Purpose: : Recently, a new amacrine cell type in the mammalian retina was identified (Fremeau, R.T. et al., 2002 PNAS, 99: 14488-93; Haverkamp, S., Wässle, H., 2004, J Comp Neurol., 468: 251-263; Johnson, J. et al., J Comp Neurol. 2004, 477: 386-98). While the majority of amacrine cells are inhibitory, this new type expresses a marker of excitatory neurons (vGluT3) as well as a marker of inhibitory neurons (glycine), suggesting that this is a dual-transmitter neuron. To gain insight into the function of this cell type, a transgenic mouse line has been generated which expresses a green fluorescent protein specifically in these amacrine cells through the use of the vGlut3-promoter. This transgenic mouse line allows us to repeatedly and reliably record from vGluT3-labeled amacrine cells in an identified circuit in order to analyze their properties and local interactions.

Methods: : VGluT3-positive amacrine cells in the wholemount-retina were directly targeted with a patch-electrode by using a two-photon microscope. Light-evoked excitatory currents (input from bipolar cells) and inhibitory currents (input from amacrine cells) were recorded in the whole-cell configuration. The excitatory and inhibitory inputs could be separately measured by voltage clamping the cells at appropriate voltage potentials.
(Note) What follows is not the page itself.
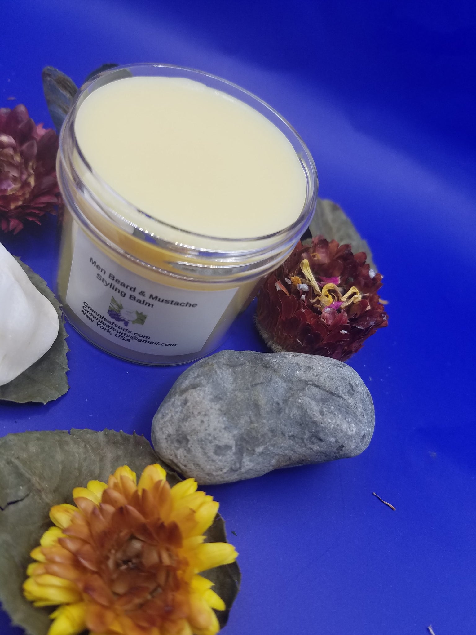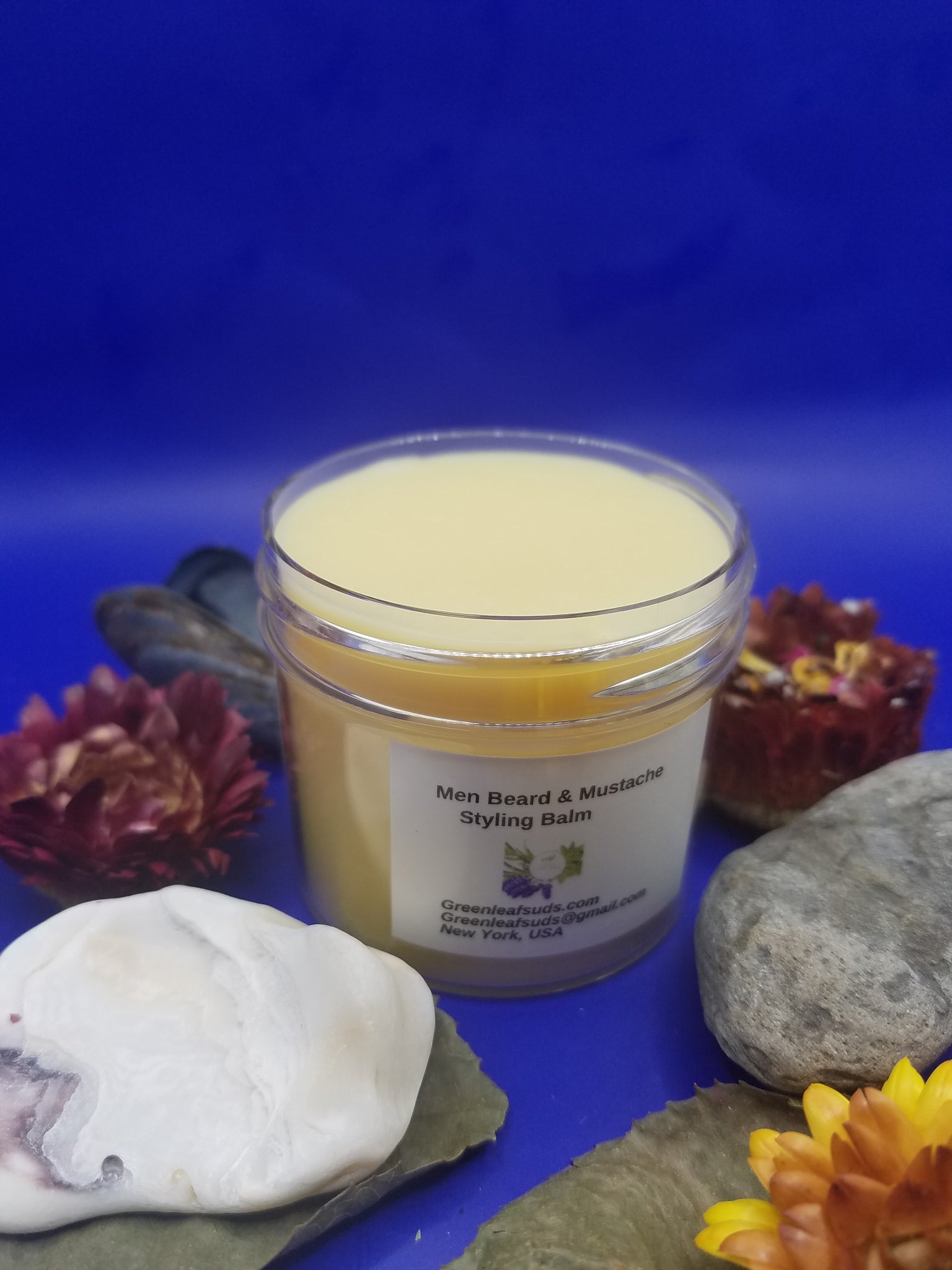 Style facial hairs with just enough hold to tame and shape, along with an elegant, masculine scent. Organic Olive Oil keeps hairs soft and nourished, looking healthy and touchable. Candelilla Wax, Mango Butter, and Kokum Butter give a soft-to-the-touch hold that can tame a beard or shape a handlebar mustache. Cranberry Seed and Raspberry Seed Oils calm and soothe hairs and skin underneath, conditioning as they go. Can be used to style head hair as well, making this vegan balm do double duty. Scented with our Men's Scent Essential Oils.

Results: : Preliminary results indicate that this specific cell type receives both inhibition and excitation at light ON and at light OFF (ON-OFF-inhibition and ON-OFF-excitation, respectively).

Conclusions: : Our results concerning the excitatory synaptic input are consistent with the finding of a recent anatomical study. Haverkamp & Wässle (2004) showed that vGluT3 processes are in close apposition with axon terminals of an outer stratifying (OFF) and an inner stratifying (ON) bipolar cell type. With further experiments (e.g. double-patch recording) we will analyze the synaptic output of the vGlut3-amacrine cell in order to address whether this cell type functions as a dual-transmitter neuron.